The added file/daemon system looks like an eventually consistent replication wrapper around zookeeper, which they’ve added as a way to get higher availability. The consistency of the composite system (zk+wrapper) is only eventual (unlike the zookeeper subsystem) because the cache files won’t be updated and may be out of sync with each other when zk is down.
If this is right, why not just replace zookeeper with a system that was designed to be eventually consistent and highly available (riak, maybe), and not have to worry about the possible bugs introduced by the new replication system: the daemons and the client libs for reading the files? Does zk still have an advantage if you are accessing it through this layer?
The corruption safeguards are another matter. Those are probably worthwhile regardless of the choice of distributed data store. Human error being what it is…

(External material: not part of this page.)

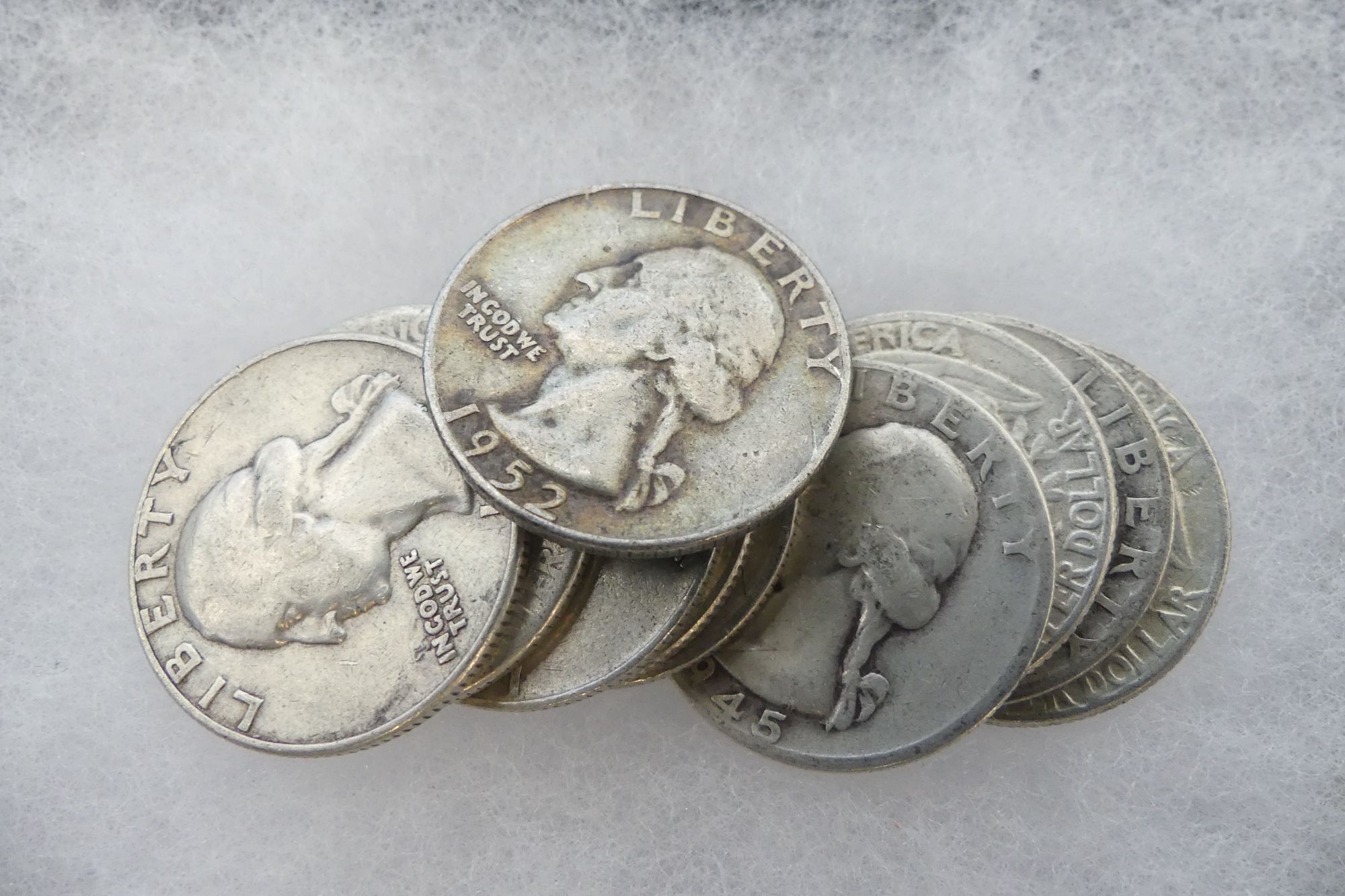 Collection of circulated silver quarters, including examples from 1945 and 1952.

The only thing I can think of is ZK’s support for watching Znodes. Their daemon could keep the conf file updated immediately upon changes when ZK is up. Other systems would generally require polling to attempt the same.
That said, Serf is an eventually consistent system that supports “run this thing when key X changes” (iirc), so that may be a good fit, like you said.
Good call about serf. Pinterest have engineered their system to tolerate temporary and intermittent inconsistency in things like lists of nodes and services, so they could choose AP rather than CP. Plus (I’m guessing) the gossip protocol might be more efficient than updating those files and daemons from the ZK cluster. Plus, “5 to 10 MB of resident memory” per process (serf, Go) vs jvm.
I imagine the daemon will need careful tuning, not to mention its own additional monitoring check. It will be confusing to push an update to ZK which is ignored by the daemon because the new value is “too different”.
Anyone know what protocol bugs they are talking about?